• What the exercise asks: Your answer must be the exact lines below, starting with the line with "thể cân được." and going on through the line with "Το πολιτικό αποτύπωμα", both included, with no pictures.

• The input:

────────────────────────────────────────

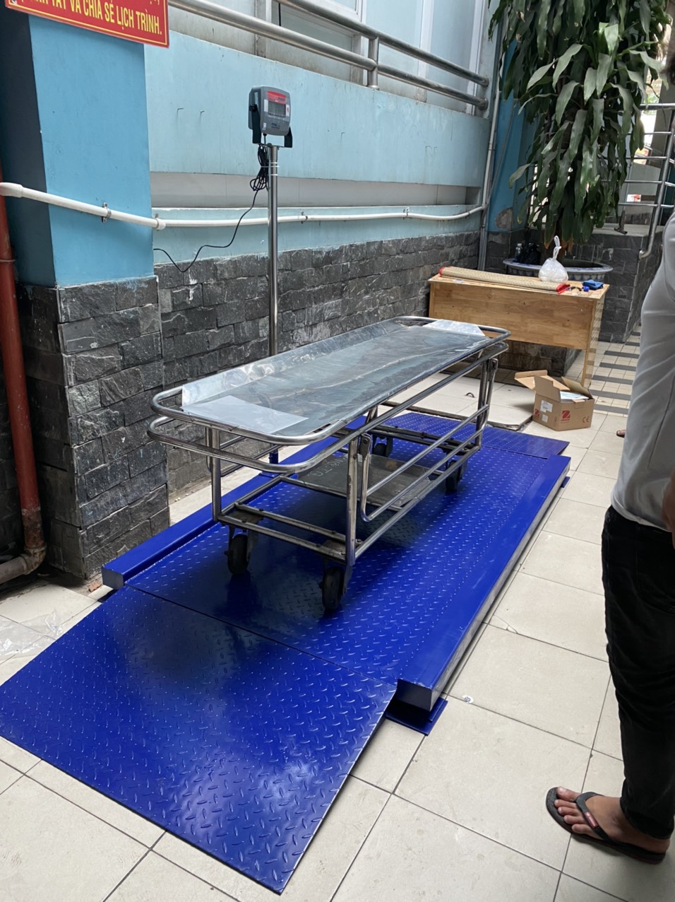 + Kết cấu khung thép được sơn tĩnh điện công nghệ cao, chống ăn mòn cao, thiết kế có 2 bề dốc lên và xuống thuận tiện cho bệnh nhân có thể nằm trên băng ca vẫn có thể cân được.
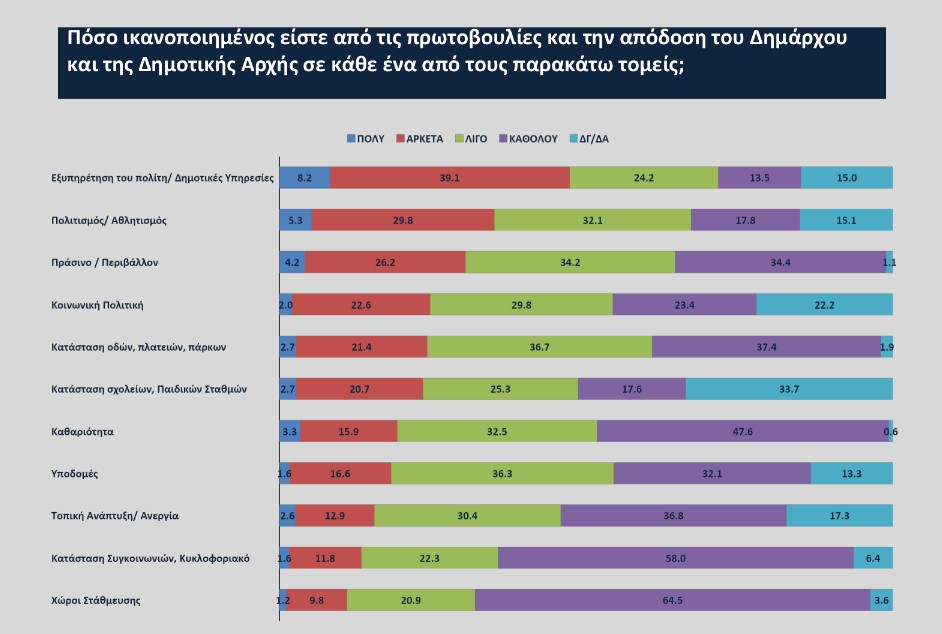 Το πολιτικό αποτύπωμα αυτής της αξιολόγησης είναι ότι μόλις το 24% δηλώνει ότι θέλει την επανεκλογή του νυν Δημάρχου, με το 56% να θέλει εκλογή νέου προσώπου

────────────────────────────────────────

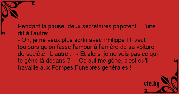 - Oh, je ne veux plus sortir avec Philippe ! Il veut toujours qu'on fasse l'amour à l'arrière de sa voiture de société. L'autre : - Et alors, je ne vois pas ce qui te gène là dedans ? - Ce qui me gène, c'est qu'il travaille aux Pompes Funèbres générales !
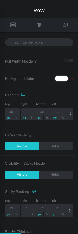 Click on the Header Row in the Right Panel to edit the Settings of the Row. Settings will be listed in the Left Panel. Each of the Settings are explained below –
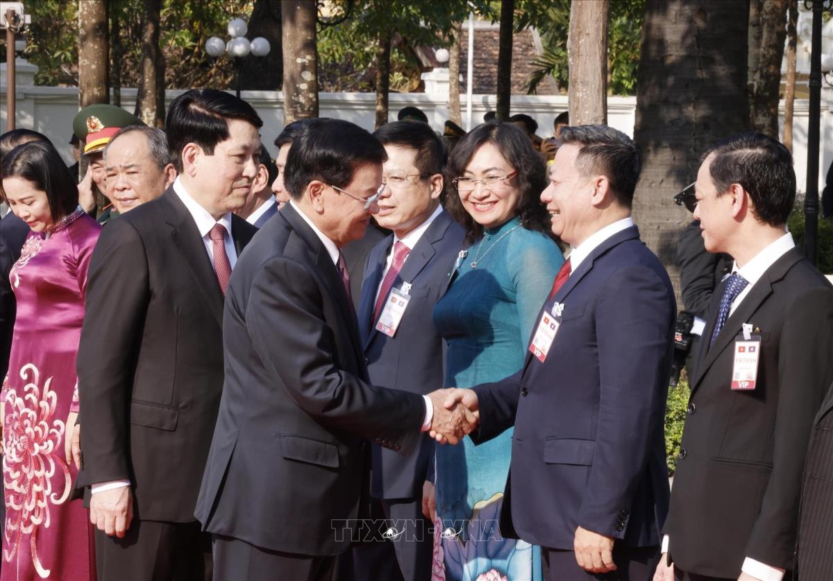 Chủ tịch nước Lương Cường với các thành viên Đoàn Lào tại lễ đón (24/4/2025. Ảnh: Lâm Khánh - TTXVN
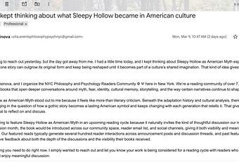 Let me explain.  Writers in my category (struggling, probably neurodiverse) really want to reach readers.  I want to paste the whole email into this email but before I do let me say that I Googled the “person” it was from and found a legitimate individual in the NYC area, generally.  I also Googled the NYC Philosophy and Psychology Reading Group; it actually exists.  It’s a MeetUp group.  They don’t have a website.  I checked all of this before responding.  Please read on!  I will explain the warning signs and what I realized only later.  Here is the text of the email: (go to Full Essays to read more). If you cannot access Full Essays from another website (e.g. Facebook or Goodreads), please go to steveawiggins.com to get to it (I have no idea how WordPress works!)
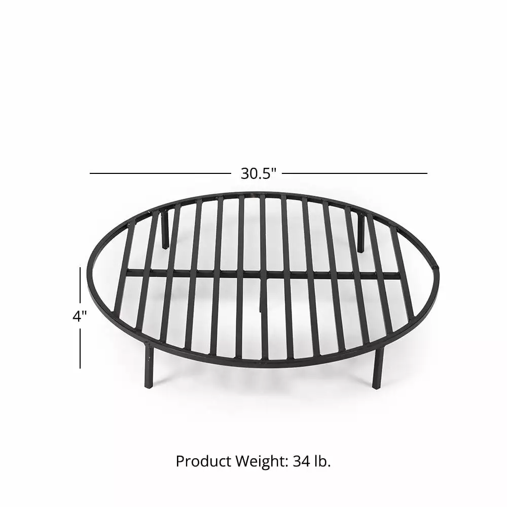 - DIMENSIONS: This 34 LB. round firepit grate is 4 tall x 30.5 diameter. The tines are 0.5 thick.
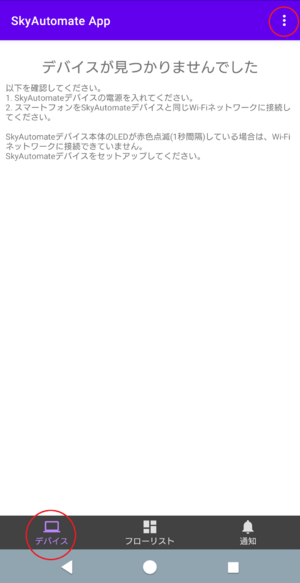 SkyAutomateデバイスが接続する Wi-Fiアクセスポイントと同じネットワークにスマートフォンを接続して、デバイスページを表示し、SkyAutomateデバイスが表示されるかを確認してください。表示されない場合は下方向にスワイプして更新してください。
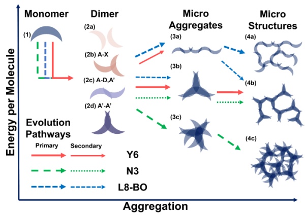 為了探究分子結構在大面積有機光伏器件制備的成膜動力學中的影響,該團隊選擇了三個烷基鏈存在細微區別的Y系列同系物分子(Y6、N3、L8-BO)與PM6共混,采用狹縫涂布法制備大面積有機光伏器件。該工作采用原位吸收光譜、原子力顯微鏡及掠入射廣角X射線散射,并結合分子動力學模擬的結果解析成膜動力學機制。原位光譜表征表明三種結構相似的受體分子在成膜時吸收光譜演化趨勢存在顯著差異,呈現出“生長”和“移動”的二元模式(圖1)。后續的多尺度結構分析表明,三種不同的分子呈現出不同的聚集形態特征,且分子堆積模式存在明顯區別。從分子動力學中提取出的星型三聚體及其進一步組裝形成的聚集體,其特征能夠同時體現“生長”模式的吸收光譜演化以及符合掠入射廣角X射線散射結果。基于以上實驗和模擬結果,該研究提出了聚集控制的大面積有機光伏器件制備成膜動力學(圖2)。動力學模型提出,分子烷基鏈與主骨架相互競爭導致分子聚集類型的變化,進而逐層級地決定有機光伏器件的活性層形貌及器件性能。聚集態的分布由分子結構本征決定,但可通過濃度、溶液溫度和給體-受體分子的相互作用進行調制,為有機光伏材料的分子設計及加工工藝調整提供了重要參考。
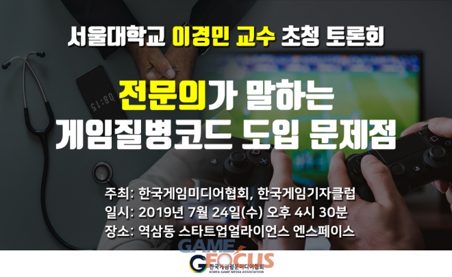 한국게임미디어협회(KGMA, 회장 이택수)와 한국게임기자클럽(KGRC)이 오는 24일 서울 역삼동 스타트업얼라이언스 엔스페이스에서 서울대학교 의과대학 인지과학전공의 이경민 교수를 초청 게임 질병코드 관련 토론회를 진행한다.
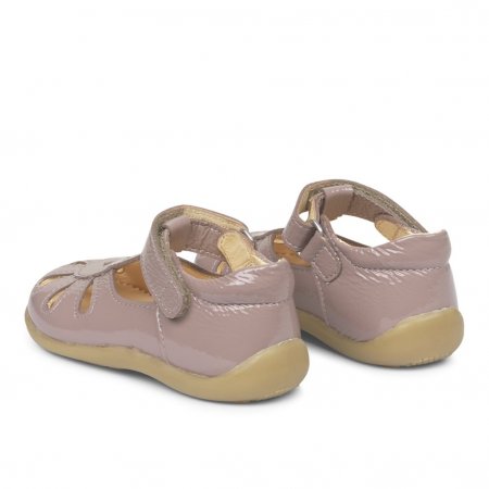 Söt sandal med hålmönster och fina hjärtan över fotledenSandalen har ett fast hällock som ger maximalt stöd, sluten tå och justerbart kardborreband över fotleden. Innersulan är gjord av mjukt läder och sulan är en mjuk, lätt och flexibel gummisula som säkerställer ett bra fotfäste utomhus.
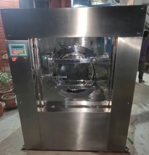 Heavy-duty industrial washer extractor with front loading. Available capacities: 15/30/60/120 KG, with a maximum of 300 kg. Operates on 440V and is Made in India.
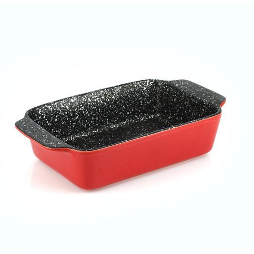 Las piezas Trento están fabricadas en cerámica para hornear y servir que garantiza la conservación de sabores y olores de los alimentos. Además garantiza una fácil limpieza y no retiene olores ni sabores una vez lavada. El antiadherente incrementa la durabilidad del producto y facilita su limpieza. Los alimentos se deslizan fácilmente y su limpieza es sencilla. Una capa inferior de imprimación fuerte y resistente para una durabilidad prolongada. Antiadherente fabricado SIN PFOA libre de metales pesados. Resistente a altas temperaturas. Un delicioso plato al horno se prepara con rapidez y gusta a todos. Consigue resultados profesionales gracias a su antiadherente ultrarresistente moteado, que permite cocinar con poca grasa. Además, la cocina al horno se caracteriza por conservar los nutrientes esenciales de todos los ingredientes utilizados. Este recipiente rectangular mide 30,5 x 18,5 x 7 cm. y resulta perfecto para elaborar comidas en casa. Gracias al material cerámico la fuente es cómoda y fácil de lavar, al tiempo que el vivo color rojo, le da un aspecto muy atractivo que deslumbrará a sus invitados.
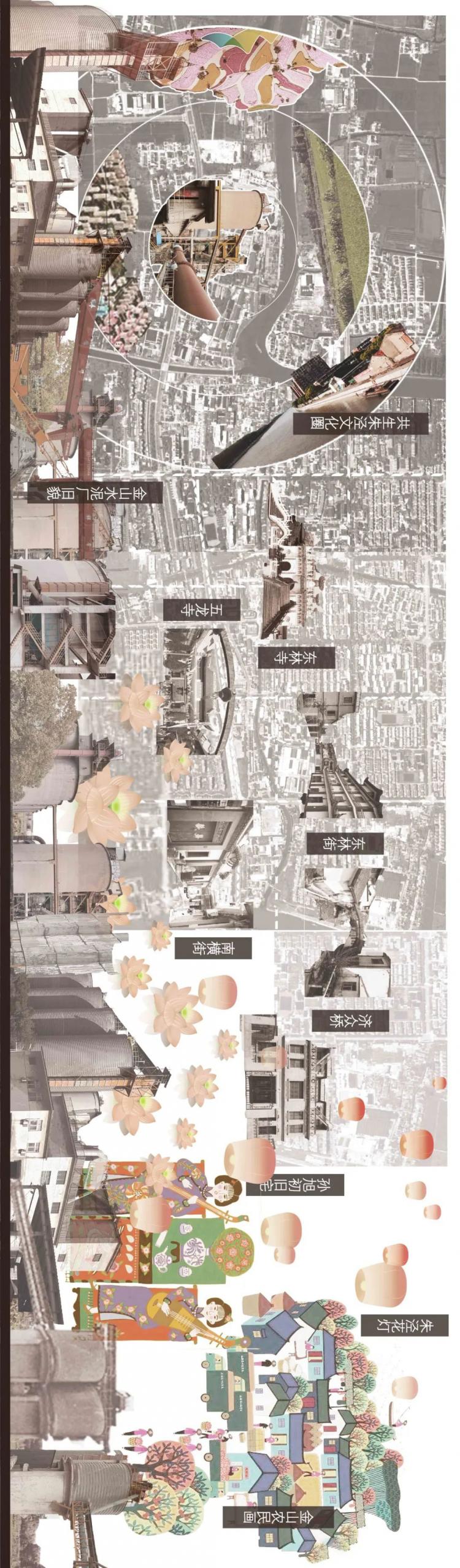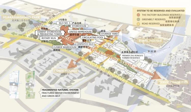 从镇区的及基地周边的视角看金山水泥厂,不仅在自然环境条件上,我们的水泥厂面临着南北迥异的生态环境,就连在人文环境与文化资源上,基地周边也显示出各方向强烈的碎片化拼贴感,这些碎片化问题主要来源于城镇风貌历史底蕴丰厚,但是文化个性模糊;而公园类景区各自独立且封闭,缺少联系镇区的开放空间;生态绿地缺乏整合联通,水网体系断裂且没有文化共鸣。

────────────────────────────────────────

• Your response:
 + Kết cấu khung thép được sơn tĩnh điện công nghệ cao, chống ăn mòn cao, thiết kế có 2 bề dốc lên và xuống thuận tiện cho bệnh nhân có thể nằm trên băng ca vẫn có thể cân được.
 Το πολιτικό αποτύπωμα αυτής της αξιολόγησης είναι ότι μόλις το 24% δηλώνει ότι θέλει την επανεκλογή του νυν Δημάρχου, με το 56% να θέλει εκλογή νέου προσώπου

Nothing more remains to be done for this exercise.